Quasi-solid-state sodium-ion hybrid capacitors enabled by UiO-66@PVDF-HFP multifunctional separators: Selective charge transfer and high fire safety

The practical application of sodium-ion hybrid capacitors is limited by their low energy densities resulted from the kinetics mismatch between cathodes and anodes, and the fire safety related to the flammable electrolyteseparator system. Hence, we report a rational design of metal-organic frameworks (MOFs, UiO-66) modified PVDF-HFP separator. High tensile strength and dimensional thermal stability of the separator reduce the risk of electrode short circuit caused by the separator deformation. MCC test demonstrates a reduction of 75% in peak heat release rate (pHRR), indicating an enhanced fire-resistant property of the separator. This is due to the transformation of UiO-66 into ZrO2 accompanied by the consumption of oxygen and the formation of the barrier char that suppresses further heat release.
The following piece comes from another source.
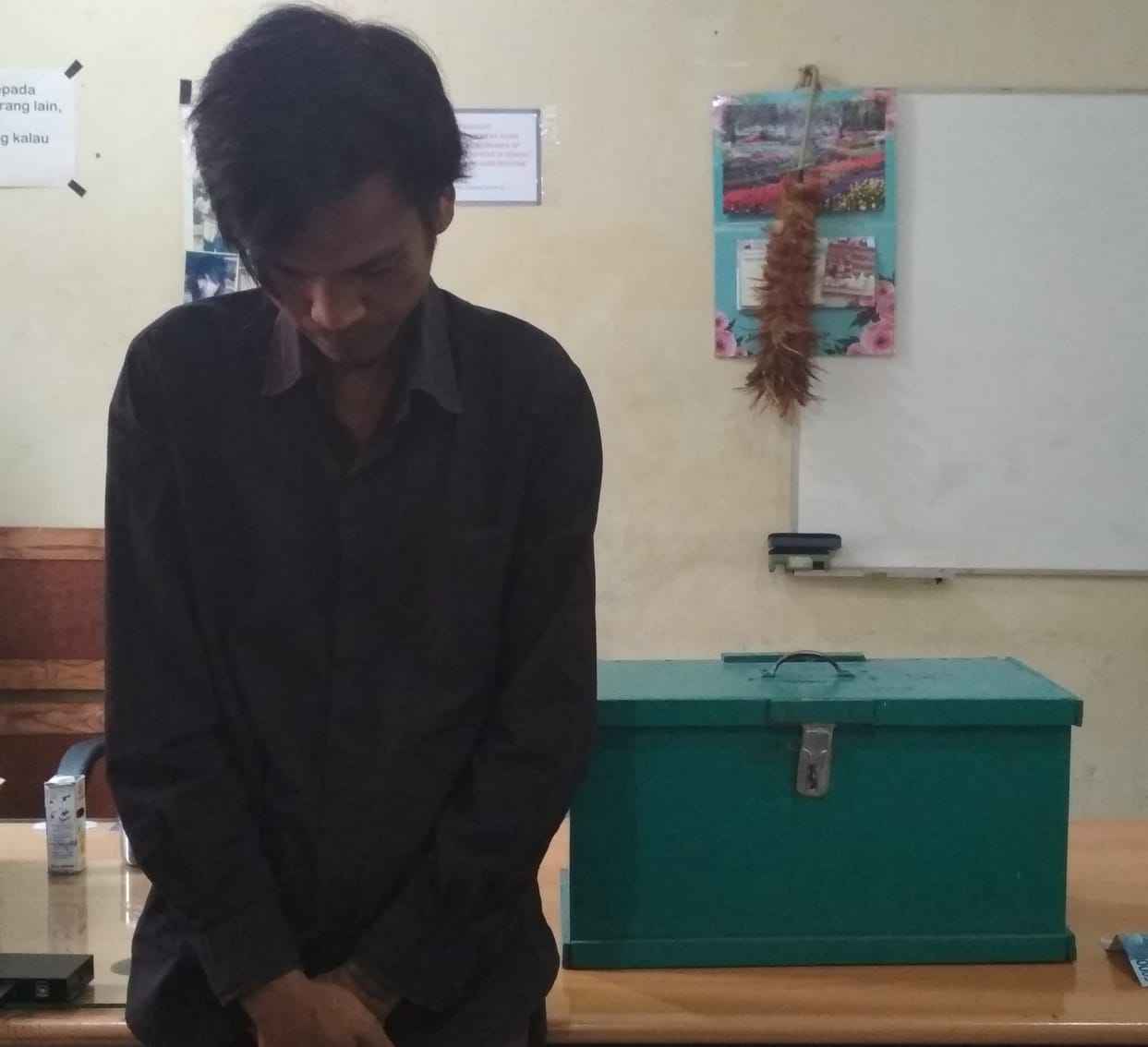 “Awalnya saya sholat duha. Karena kelaparan, terlintaslah ingin mencuri kotak amal masjid itu. Dengan menggunakan patahan antena dan obeng, saya berusaha keras untuk mengambil uang tersebut,” ungkapnya.

Quasi-solid-state electrolyte prepared based on this separator presents an enhanced ionic conductivity of 2.44 mS cm(-1) and Na-ion transference number of 0.55, which are related to the high porosity (>70%) and electrolyte uptake (similar to 320%) of the separator. Moreover, the open metal sites of UiO-66 can capture PF6- and consequently liberate the Na+ for faster migration, thus reducing the kinetics mismatch between cathodes and anodes. Such multifunctional separator enables the quasi-solid-state Na-ion hybrid capacitor to achieve high energy density (182 Wh kg(-1) @31 W kg(-1)) and power density (5280 W kg(-1) @22 Wh kg(-1)), as well as excellent cyclic stability (10,000 cycles @1000 mA g(-1)).

Automated summary

This study successfully addresses the limitations in energy density and fire safety issues of sodium-ion hybrid capacitors by rational design of metal-organic frameworks (MOFs, UiO-66) modified PVDF-HFP separator. The MCC test demonstrates good fire-resistant performance of the separator, and the quasi-solid-state electrolyte prepared also shows enhanced ionic conductivity for the capacitor.